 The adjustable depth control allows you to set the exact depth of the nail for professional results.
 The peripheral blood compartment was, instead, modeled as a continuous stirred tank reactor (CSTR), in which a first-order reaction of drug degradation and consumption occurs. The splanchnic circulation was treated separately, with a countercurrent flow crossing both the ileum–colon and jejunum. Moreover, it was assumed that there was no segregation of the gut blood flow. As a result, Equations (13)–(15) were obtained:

+===+

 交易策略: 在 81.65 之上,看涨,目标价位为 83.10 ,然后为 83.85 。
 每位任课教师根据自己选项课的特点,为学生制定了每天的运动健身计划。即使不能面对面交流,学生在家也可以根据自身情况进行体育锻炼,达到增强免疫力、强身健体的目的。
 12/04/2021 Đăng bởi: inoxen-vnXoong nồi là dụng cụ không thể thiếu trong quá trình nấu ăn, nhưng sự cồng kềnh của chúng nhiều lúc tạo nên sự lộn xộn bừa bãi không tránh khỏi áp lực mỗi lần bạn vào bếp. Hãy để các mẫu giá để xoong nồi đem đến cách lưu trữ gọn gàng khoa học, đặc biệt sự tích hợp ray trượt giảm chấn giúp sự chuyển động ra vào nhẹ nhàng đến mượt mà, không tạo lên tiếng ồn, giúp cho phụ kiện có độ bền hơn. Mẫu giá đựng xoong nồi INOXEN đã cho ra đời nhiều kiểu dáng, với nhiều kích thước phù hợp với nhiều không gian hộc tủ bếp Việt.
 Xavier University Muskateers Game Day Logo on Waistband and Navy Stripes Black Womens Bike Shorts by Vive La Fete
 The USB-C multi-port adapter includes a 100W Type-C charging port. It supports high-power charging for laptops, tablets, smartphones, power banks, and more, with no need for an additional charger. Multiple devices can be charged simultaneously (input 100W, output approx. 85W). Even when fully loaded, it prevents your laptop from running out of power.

+===+

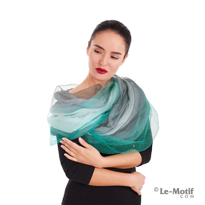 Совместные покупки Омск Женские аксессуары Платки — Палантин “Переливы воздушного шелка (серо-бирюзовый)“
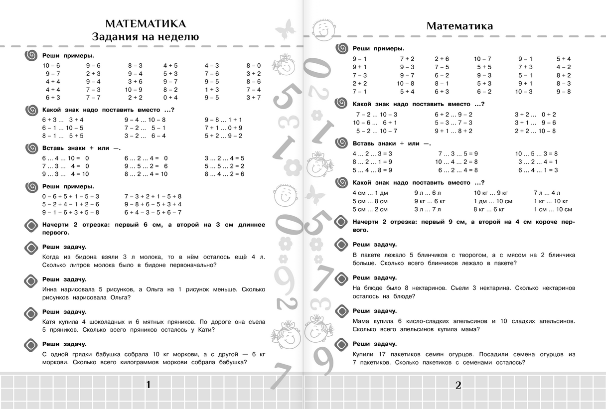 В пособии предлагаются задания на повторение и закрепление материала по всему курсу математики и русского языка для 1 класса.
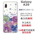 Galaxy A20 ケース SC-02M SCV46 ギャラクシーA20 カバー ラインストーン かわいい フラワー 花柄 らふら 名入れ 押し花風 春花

+===+

### Task to complete
From the records above, print only the lines between the one holding "The adjustable depth" and the one holding "The peripheral blood", inclusive, exactly as they stand.

### Task result
 The adjustable depth control allows you to set the exact depth of the nail for professional results.
 The peripheral blood compartment was, instead, modeled as a continuous stirred tank reactor (CSTR), in which a first-order reaction of drug degradation and consumption occurs. The splanchnic circulation was treated separately, with a countercurrent flow crossing both the ileum–colon and jejunum. Moreover, it was assumed that there was no segregation of the gut blood flow. As a result, Equations (13)–(15) were obtained:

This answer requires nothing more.